Fuga Masiva y el “loquillo” Leyva

En un principio creí que mi estancia en prisión sería asunto de unos cuantos años. En 1996 la rebelión era considerada en Colombia como un delito de naturaleza política, altruista, que se sancionaba con una pena que oscilaba entre tres y cinco años. La situación se complicó cuando la 'justicia sin rostro' presentó varios cargos contra mí, lo que significó una privación de la libertad que se extendió por más de diez años. Mi reclusión transcurrió en cinco prisiones de alta seguridad, unas veces compartiendo las áreas comunes con otros presos, y en otras sometido a un régimen de aislamiento, encerrado en un calabozo las veinticuatro horas del día.

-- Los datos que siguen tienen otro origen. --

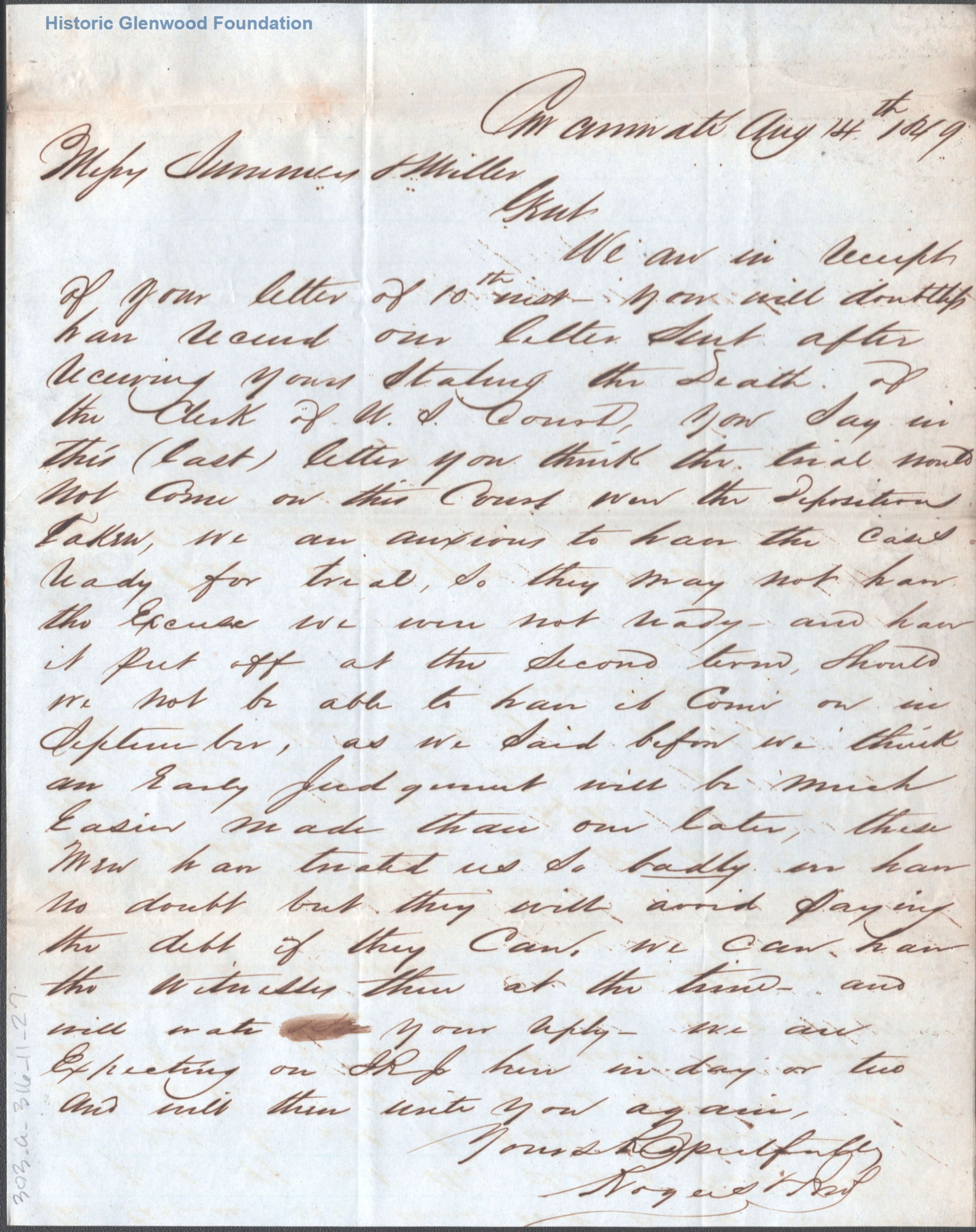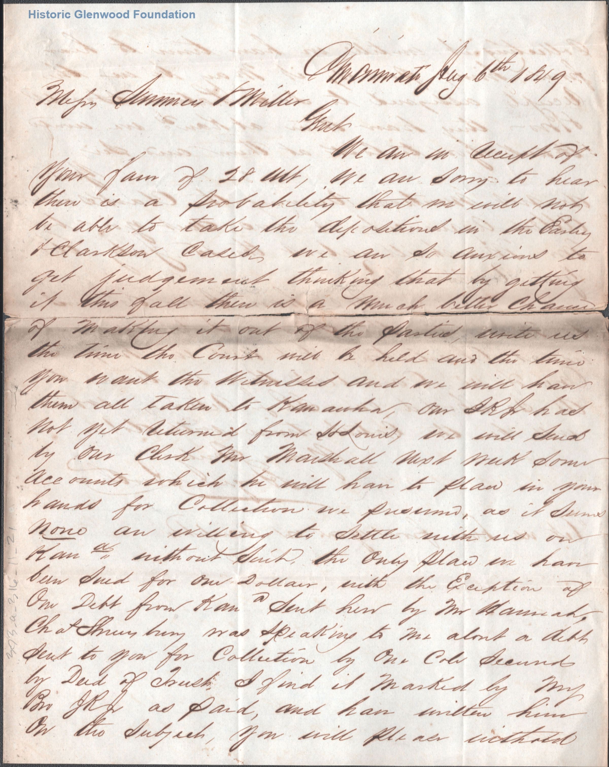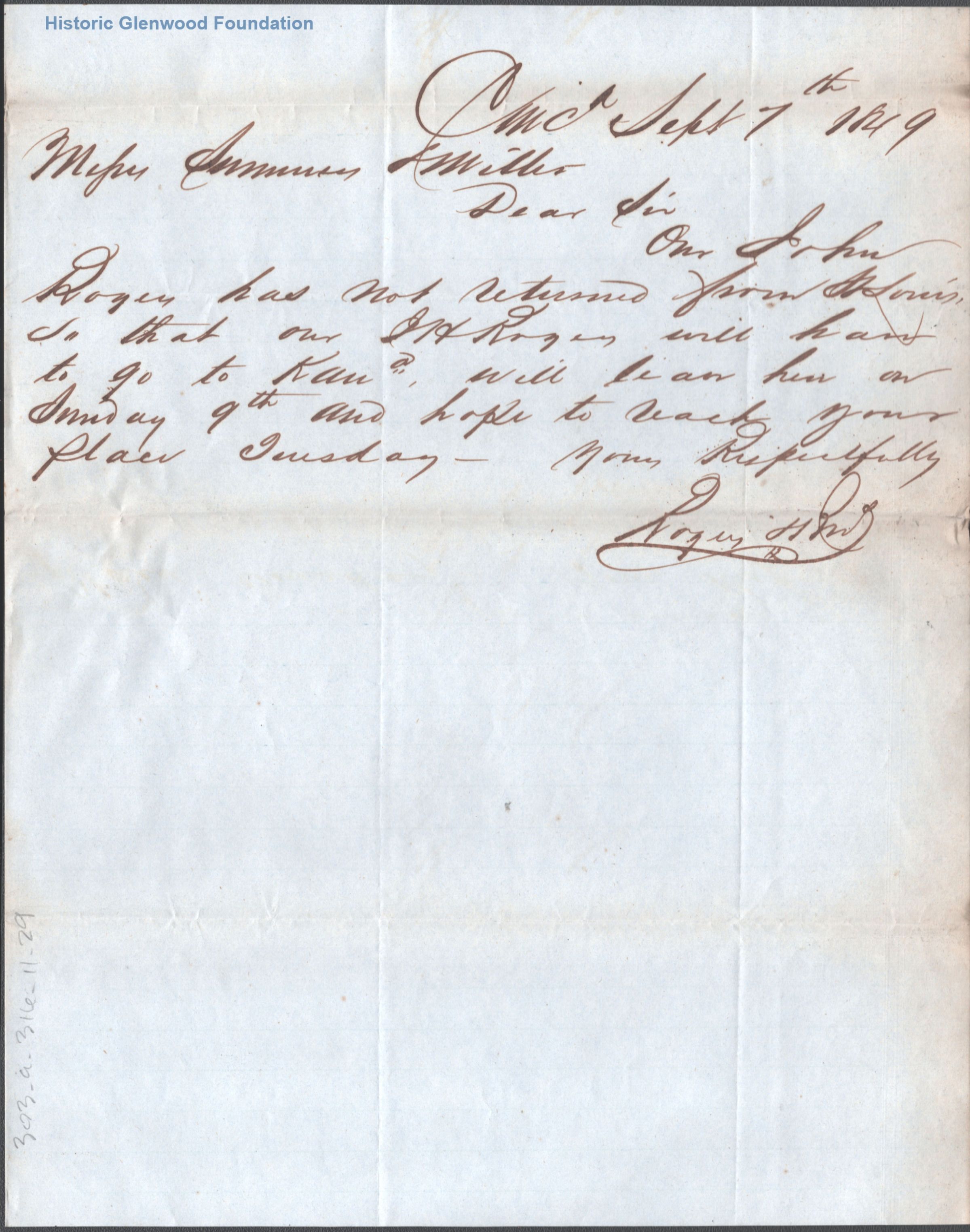 Correspondence from Rogers & Brothers to Summers & Miller; May 28, 1849; July 6, 1849; August 14, 1849; September 7, 1849Entry/Object ID
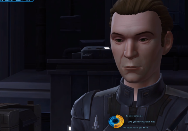 OMFG, what else can I say? I really don’t get the SWTOR dialog options sometimes. I got presented with a dialog choice with Talos, my cute little nerd for “are you flirting with me?”. I was excited because I thought I’d say that all flirty and get flirty options back.
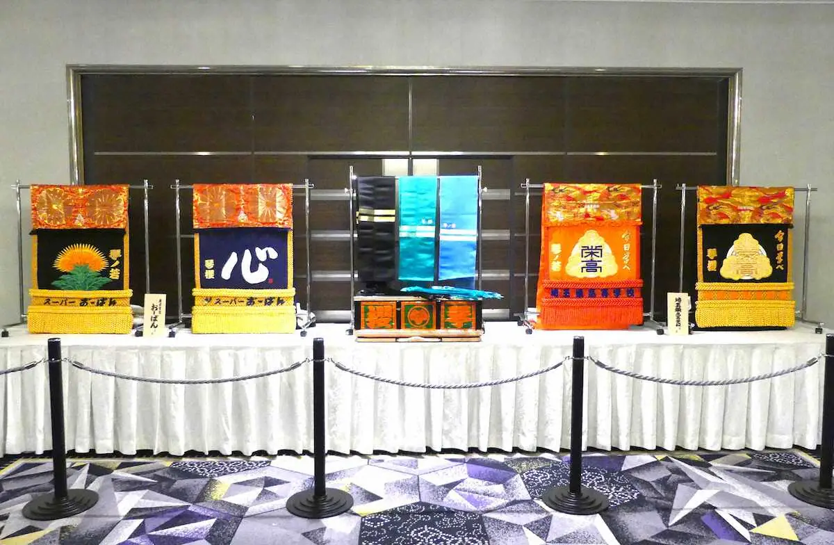 琴桜大関昇進披露宴「琴ノ若の時も相撲人生の一つ」入り口に飾られた16本の化粧まわしに込めた思い
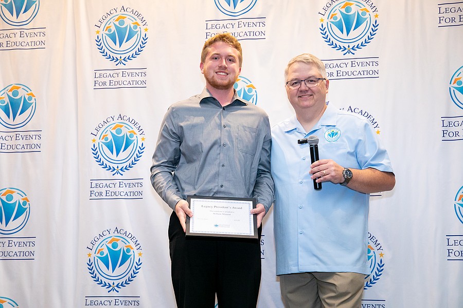 William Mizzoni, left, received the Legacy President’s Award, from Legacy President David Terry.
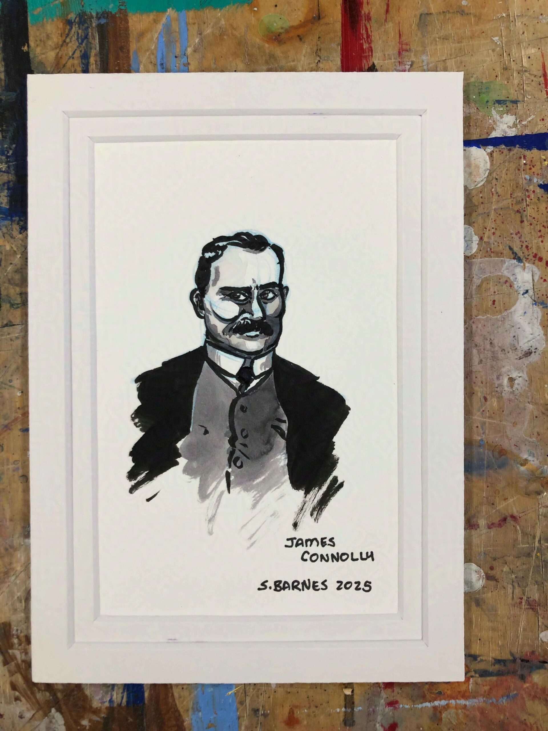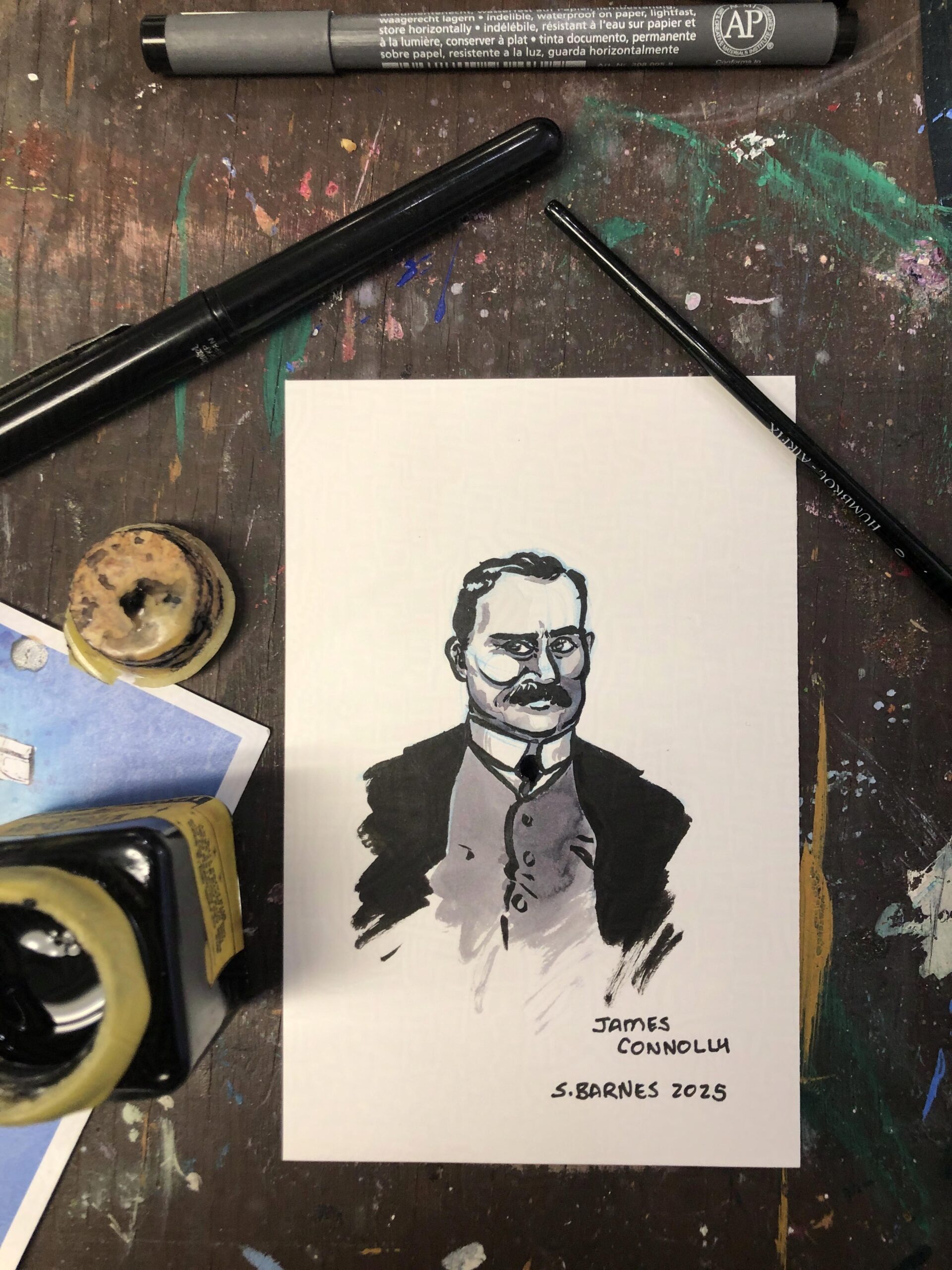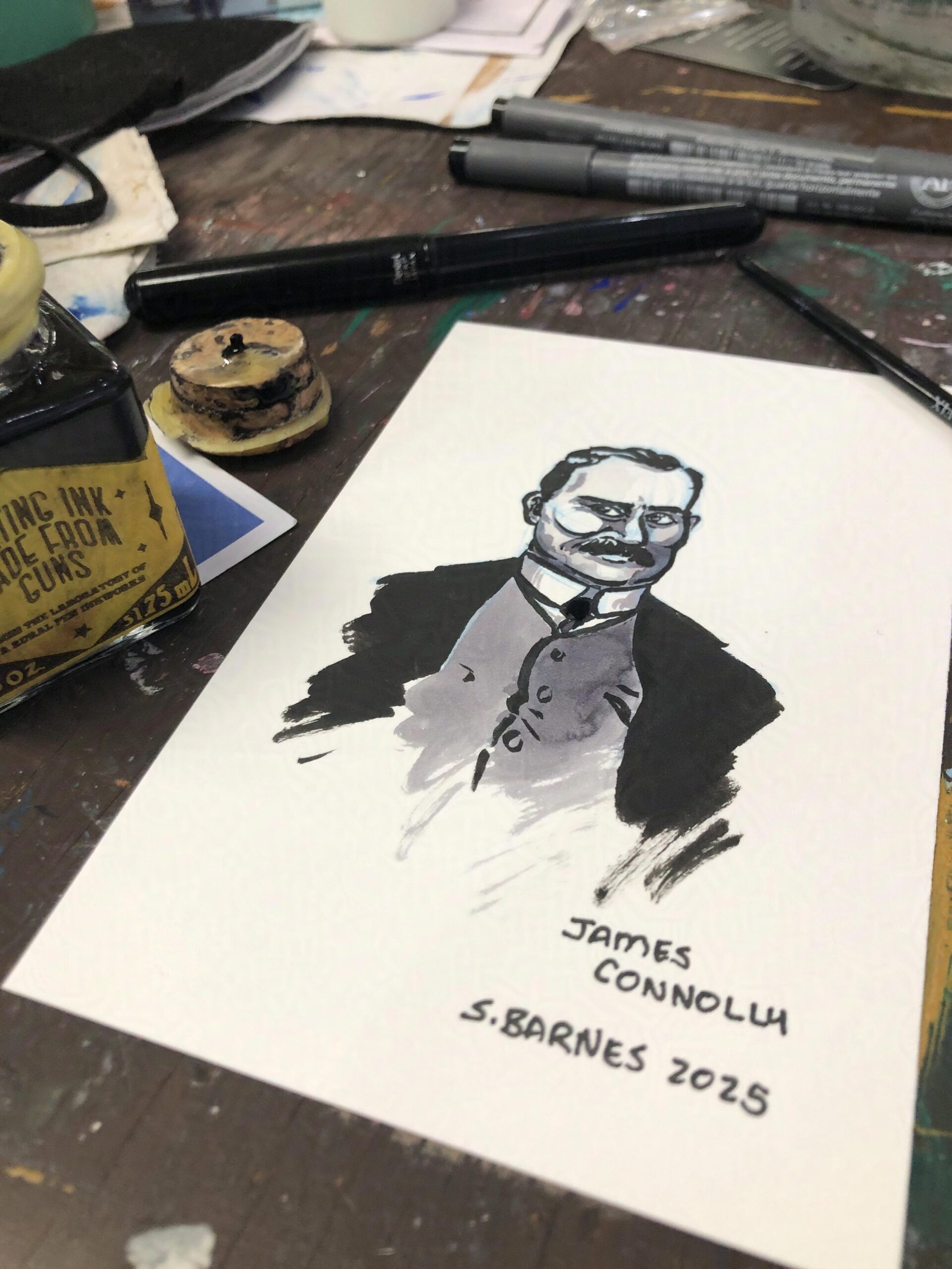 I recently found the work of artist Thomas Little aka A Rural Pen, who makes writing ink from dissolved guns, and was instantly in love. I knew I had to grab a bottle, and to kick off using this gorgeous grey-purple, I did portraits of three people whose work I also admire. James Connolly was an Irish socialist and advocate for Irish republicanism and worker’s rights around the world, if you haven’t heard of him, I recommend looking him up. There’s a great Dropkick Murphys song about his involvement in the 1916 Easter Uprising.

A lo largo de ese período, ocurrieron a mi alrededor una serie de acontecimientos. Conocí y entablé largas conversaciones con presos que tuvieron un inquietante y determinante papel en la realidad colombiana y mundial, como los confesos narcotraficantes Gilberto Rodríguez Orejuela, Fabio Ochoa Vásquez o John Jairo Velásquez, el mediático sicario al servicio de Pablo Escobar conocido como 'Popeye', y con altos funcionarios del Estado condenados por corrupción o mantener vínculos con narcotraficantes.

La cárcel, paradójicamente, fue el lugar en donde encontré reposo. Llevaba años trashumando en la guerrilla, soportando el peso de una mochila sobre mis espaldas y padeciendo toda clase de privaciones. En la celda estaba protegido contra la lluvia, no tenía que acarrear y rajar leña, lidiar con las miríadas de insectos, levantarme a medianoche para cubrir un puesto de centinela, marchar horas con el estómago vacío o evadir a las patrullas militares en los Andes y la Amazonía. Podía, además, acceder a algunas golosinas que la vida montaraz hacía imposible conseguirlas, como un simple yogur o una barrita de chocolate.